Let's watch Poseidon — Only available on Netflix until tomorrow! Normally I watch Strange Days, but I feel an upside-down sinking ship is a more accurate metaphor for the year than failed love and revolution and pretty Angela Bassett. Maybe for Chinese New Year (Feb 5), Gabriel Dropout's New Year/armageddon episodes.

I don't go super intimate online, but it's been a rough year. I've lost a friend and two of my last few relatives to cancer, my dad's had some close calls, and his dog died. Doing any kind of work under the stress load is… not great. And I'm not a good friend or coworker in this state. My new puppy is a terror, both looks and behavior like a jackal puppy, but the one really good thing.

State of software I touched on yesterday. This is the year a new Perilar rises from the ashes, and Learn2JS is moving along nicely, I think that's going to be a big deal, it's a sweet environment.

I goofed off yesterday and started writing tbasic, a Tiny BASIC interpreter in C, because that's a useful thing to do! I've done this before, but made a messy parser. The new one is a tiny single file and much cleaner. Might be published tomorrow morning sometime. While nobody needs BASIC, it's good C programming exercise, and I can link in SDL2 and give it cross-platform graphics and sound, which is actually kinda neat.

"It is practically impossible to teach good programming to students that have had a prior exposure to BASIC: as potential programmers they are mentally mutilated beyond hope of regeneration."
—Edsger W. Dijkstra, EWD 498: How do we tell truths that might hurt?
[mdh: In case you can't read the paper and get the joke, he's joking. Sort of.]

I got a little writing in on Delvers in Darkness, I'm thinking about more adventures for it, solo gamebooks and Refereed.

Poseidon is really terrible already. Everyone's a ridiculous caricature. Oh, this is gonna be a good shipwreck.

What I'm Watching: Travelers S3

This is hard to talk about without spoilers, but I'll be vague enough to be useless without watching. Go watch it first, if you liked S1-2.

Every ep is resolving something from S1-2, there's almost no "new missions" as such. Everything has gone very wrong with the Faction taking over people, but that's more or less cleaned up, all the bystanders get mind-wiped and mostly don't recover their memories initially… But there's now Traveler conspiracy/support groups meeting. The boy from S1E3 returns, and I don't think a day of hanging out with a cop is gonna make a sociopath not 'path. Amanda Tapping as 001 returns, briefly, but then she's someone else again.

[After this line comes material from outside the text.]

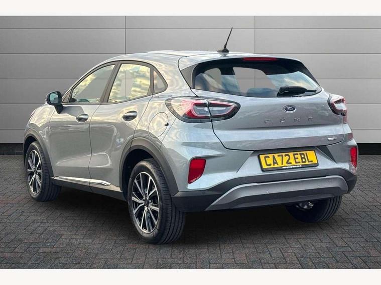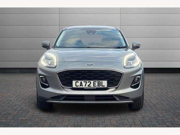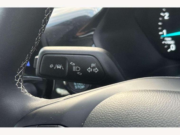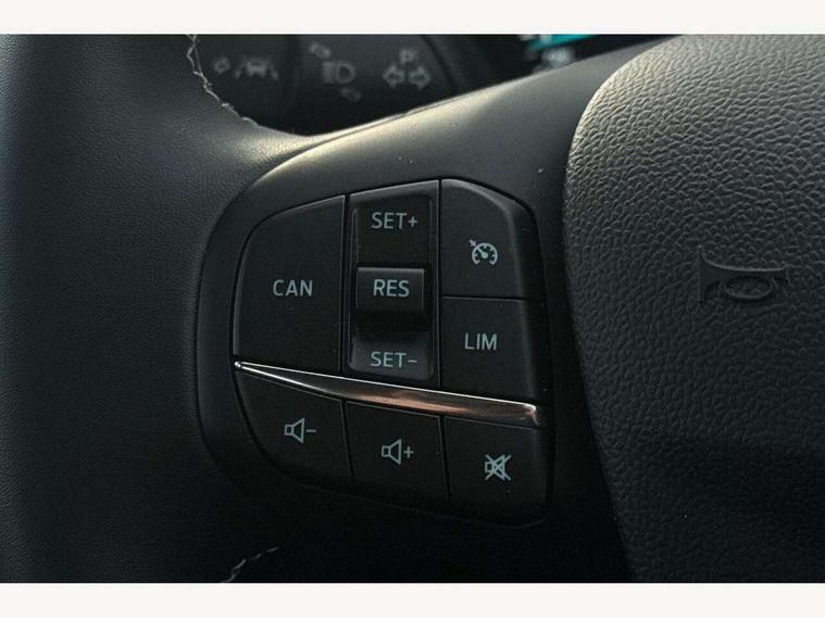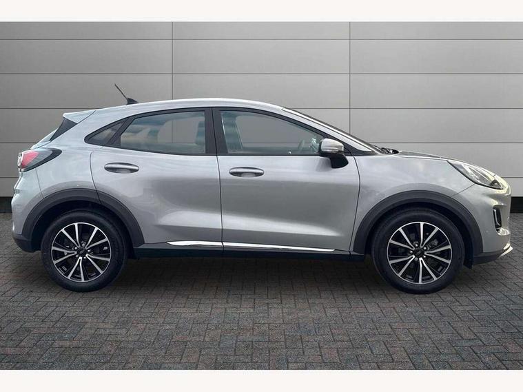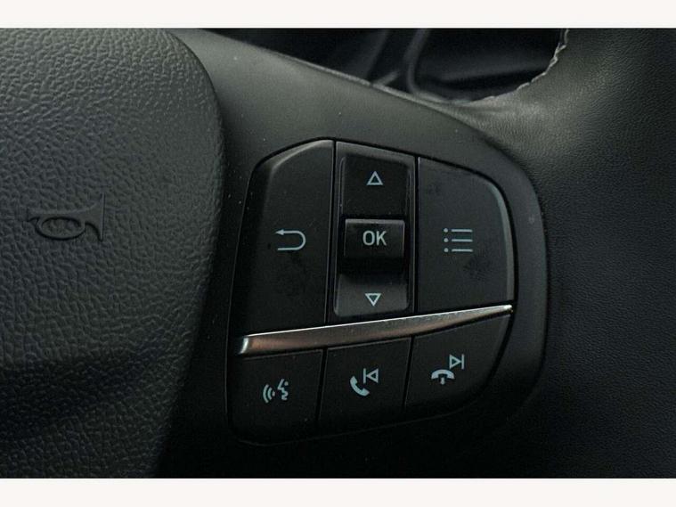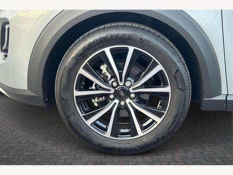 Driver impairment monitor, Emergency call service, Ford easy fuel, Lane keeping aid with lane departure warning, Power assist steering, Power start button, Rear parking sensor, Selectable drive modes(Normal, Eco, Sport, Slippery and Trail), Speed sign recognition, Standard suspension, Automatic headlights with auto high beam, Automatic rain sensing wipers, Body colour rear spoiler, LED rear lamps, Power foldable heated door mirrors with puddle lamps, Projector headlamps with LED day time running lights and front fog lamps, Quickclear heated windscreen, Rear side wing doors, Rear wiper, Third brake light, 3 seat bench in 2nd row, Centre console with armrest and stowage, Electronic automatic temperature control (EATC), Ford megabox extended bootspace, Front and rear head restraints, Front floor mats, Manual 2 way passenger seat adjustment, Manual 4 way driver seat adjust with lumbar adjustment, Sensico leather steering wheel/gear knob/handbrake, Single front passenger seat, Titanium cloth upholstery, Ford SYNC 3 navigation pack - Puma, 3 rear seatbelts, Child safety lock, Electronic stability control (ESC) and hill start assist, Pedestrian/cyclist detection & post-collision braking, Pre collision assist system, Tyre pressure monitoring system (TPMS), Thatcham alarm, 17" 10 spoke absolute black machined finish alloy wheel,

An AI that's been utterly useless so far gets upgraded, and the messengers aren't as safe as previously thought. Philip and the historians get a showcase episode, which mostly involves interrogating a dead man. The Trevor episode is somewhat annoying: If consciousness transfer works the way it has been described, the problem described can't happen, he'd be in a nice fresh brain every time.

In the only actual two-episode plot of the season, nuclear terrorism and data archives in the silliest possible storage medium, and a Wrath of Khan type ending for someone.

Protocol Omega somewhat contradicts previous explanations of how the Traveler program works, but some of the pieces from the season are assembled to get a hard reset.

I dunno if they're going to do a season 4. They sort of pushed parts together for it, and the last scene with Marcy & David suggests someone made changes already. But I could see them dropping it now and it's at some kind of a stopping point. I don't want another season like this, I want more of S1-S2 when it had plots.